Idee per le quali si è creato nemici anche dentro Rifondazione comunista. Epici i suoi scontri in segreteria con l’ex sottosegretario bertinottiano di ferro Alfonso Gianni. Mantovani e Gianni sono considerati i due opposti: il primo l’ala sinistra, il secondo l’ala destra. Anche Ramon era nelle file bertinottiane, poi iniziò ad annusare «la deriva moderata che ci avrebbe portato alla sconfitta».

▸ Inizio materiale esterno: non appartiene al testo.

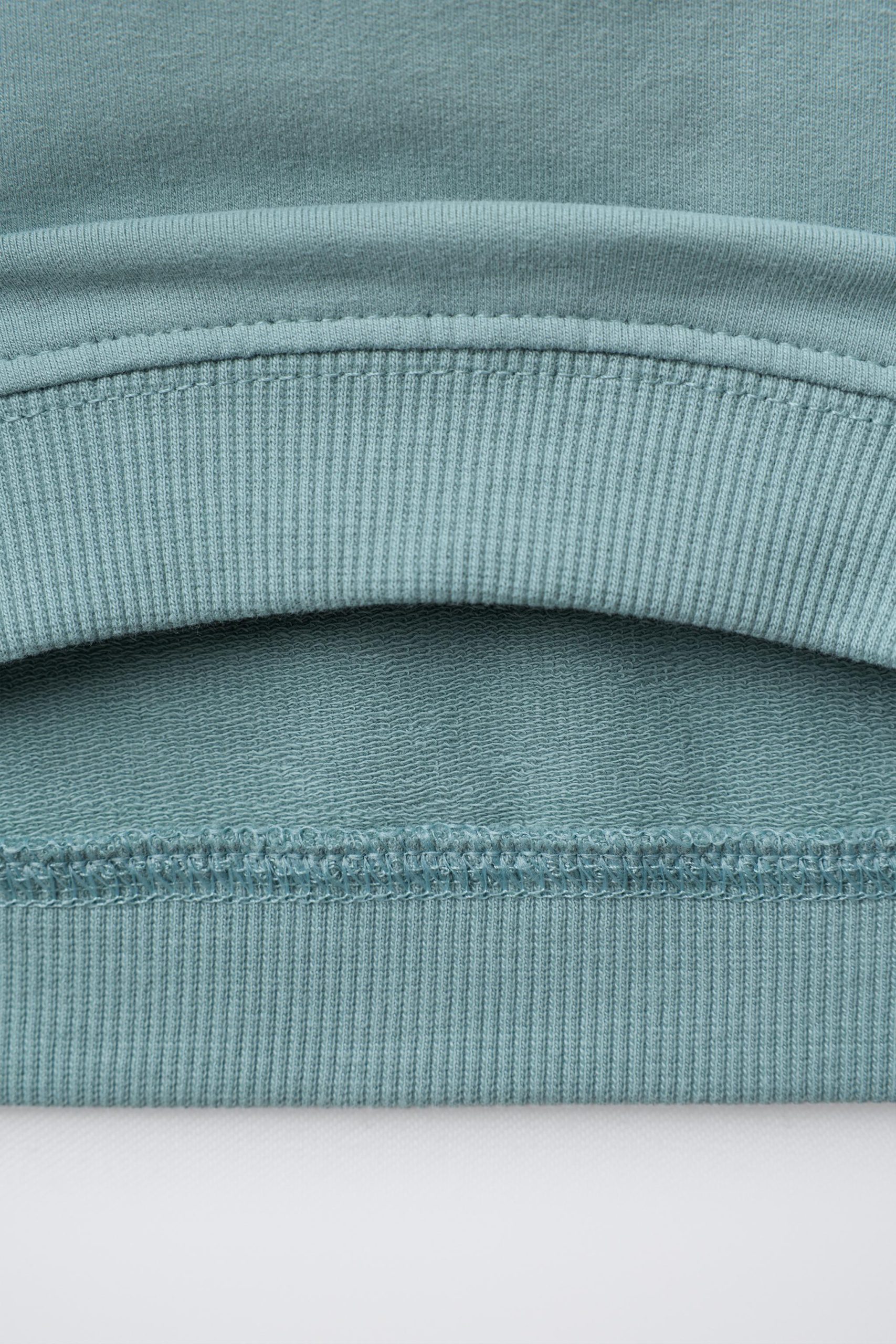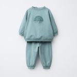 ست دو تکه. سویشرت یقه گرد و آستین بلند. دارای نوار راهراه. جلو با نوشتههای گلدوزی شده و جزئیات حولهای تزئین شده است. پشت با دکمه فشاری بسته میشود. شلوار جگر با کمر کشی و مچهای کشباف.
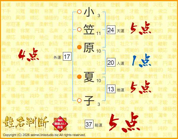 小笠原夏子さんの総運は37画の5点!
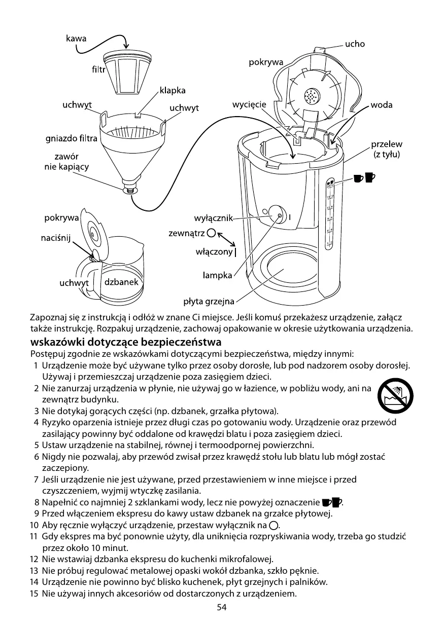 wskazówki dotyczące bezpieczeństwa Postępuj zgodnie ze wskazówkami dotyczącymi bezpieczeństwa, między innymi: 1 Urządzenie może być używane tylko przez osoby dorosłe, lub pod nadzorem osoby dorosłej. Używaj i przemieszczaj urządzenie poza zasięgiem dzieci. 2 Nie zanurzaj urządzenia w płynie, nie używaj go w łazience, w pobliżu wody, ani na zewnątrz budynku. 3 Nie dotykaj gorących części (np. dzbanek, grzałka płytowa). 4 Ryzyko oparzenia istnieje przez długi czas po gotowaniu wody. Urządzenie oraz przewód zasilający powinny być oddalone od krawędzi blatu i poza zasięgiem dzieci. 5 Ustaw urządzenie na stabilnej, równej i termoodpornej powierzchni. 6 Nigdy nie pozwalaj, aby przewód zwisał przez krawędź stołu lub blatu lub mógł zostać zaczepiony. 7 Jeśli urządzenie nie jest używane, przed przestawieniem w inne miejsce i przed czyszczeniem, wyjmij wtyczkę zasilania. 8 Napełnić co najmniej 2 szklankami wody, lecz nie powyżej oznaczenie ;:. 9 Przed włączeniem ekspresu do kawy ustaw dzbanek na grzałce płytowej. 10 Aby ręcznie wyłączyć urządzenie, przestaw wyłącznik na 0. 11 Gdy ekspres ma być ponownie użyty, dla uniknięcia rozpryskiwania wody, trzeba go studzić przez około 10 minut. 12 Nie wstawiaj dzbanka ekspresu do kuchenki mikrofalowej. 13 Nie próbuj regulować metalowej opaski wokół dzbanka, szkło pęknie. 14 Urządzenie nie powinno być blisko kuchenek, płyt grzejnych i palników. 15 Nie używaj innych akcesoriów od dostarczonych z urządzeniem. 54
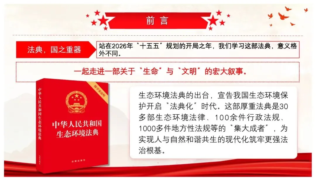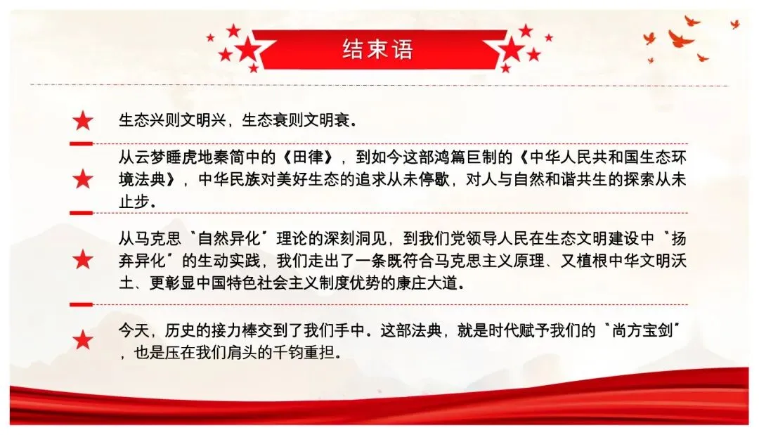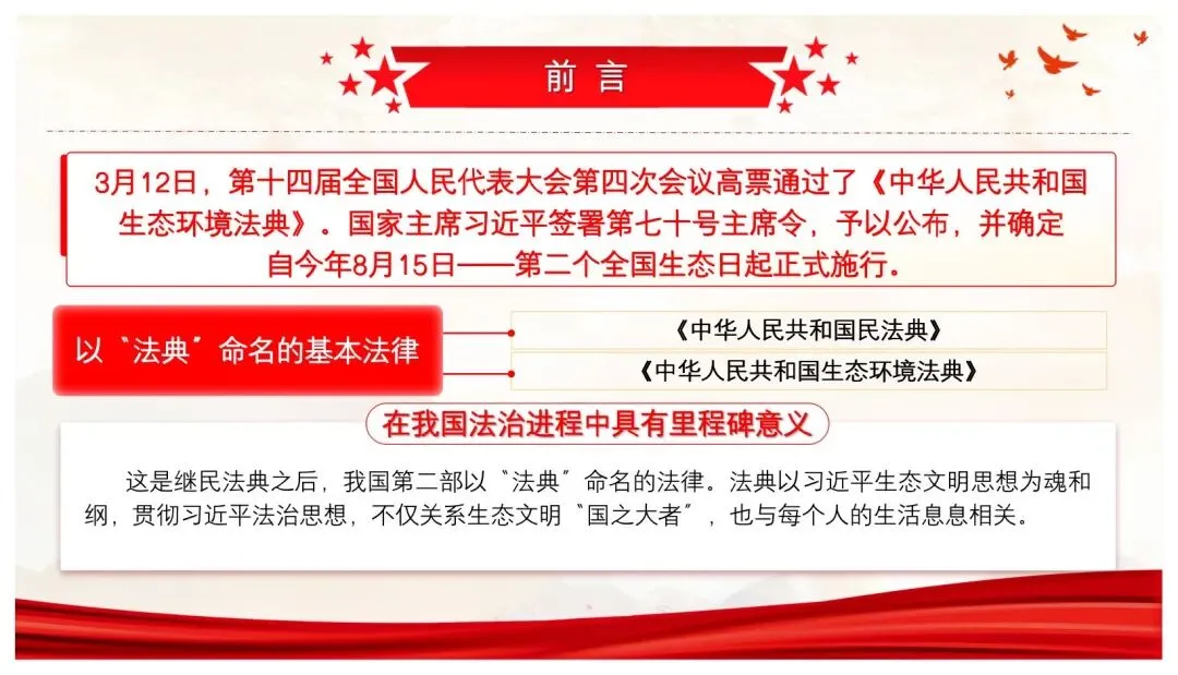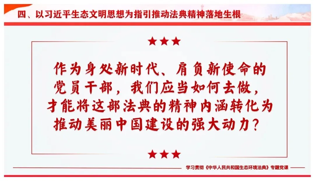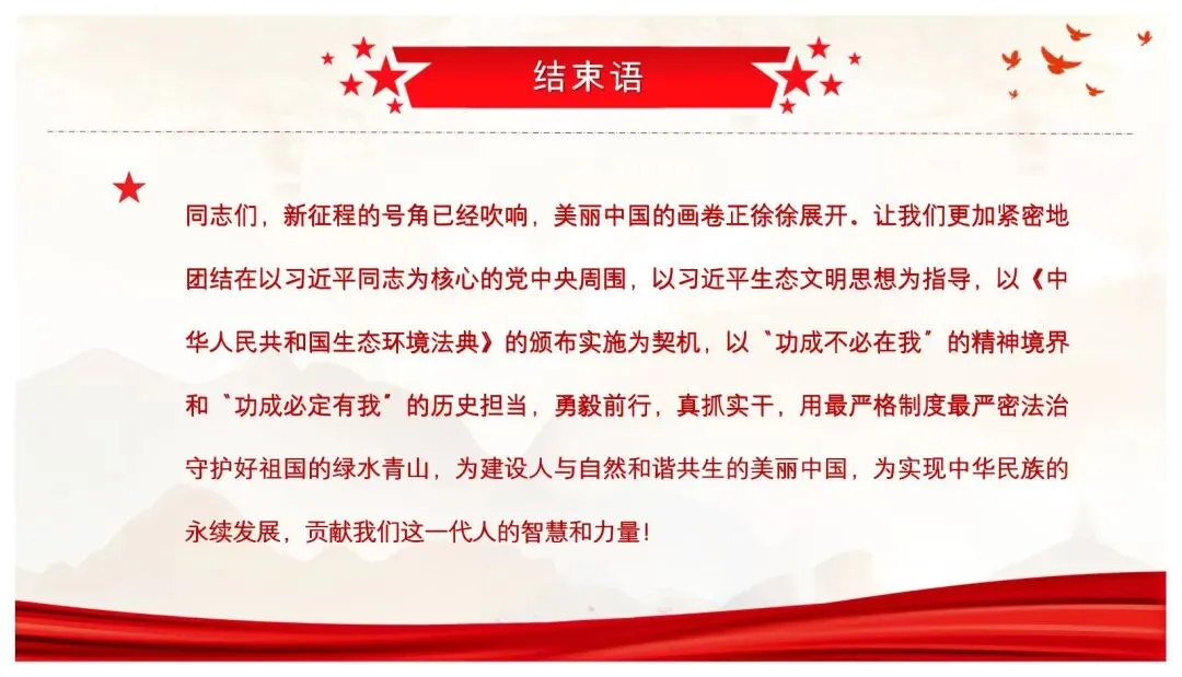>【精选党课PPT+讲稿】以法治伟力护佑绿水青山 用使命担当绘就美丽中国——深入学习贯彻《中华人民共和国生态环境法典》专题党课讲稿

Lui smentisce, ma si dice che fosse contrario anche al fatto che Fausto Bertinotti diventasse presidente della Camera; e che avesse nel mirino certi compagni con l’auto blu. Come, per esempio, l’ex vicepresidente del Senato Milziade Caprili.

Mantovani è stato l’unico che ha difeso il trotzkista Marco Ferrando quando fu escluso dalle candidature per le sue dichiarazioni contro i militari italiani caduti a Nassiriya. Ora è un sostenitore di Paolo Ferrero, quello che considera più a sinistra di tutti. Dopo, Ramon, ovviamente, l’amico dei «rivoluzionari».

Il confuso Mantovani che mette sullo stesso piano i Zapatisti messicani e le Farc. La dimostrazione di non sapere esattamente quello che fa.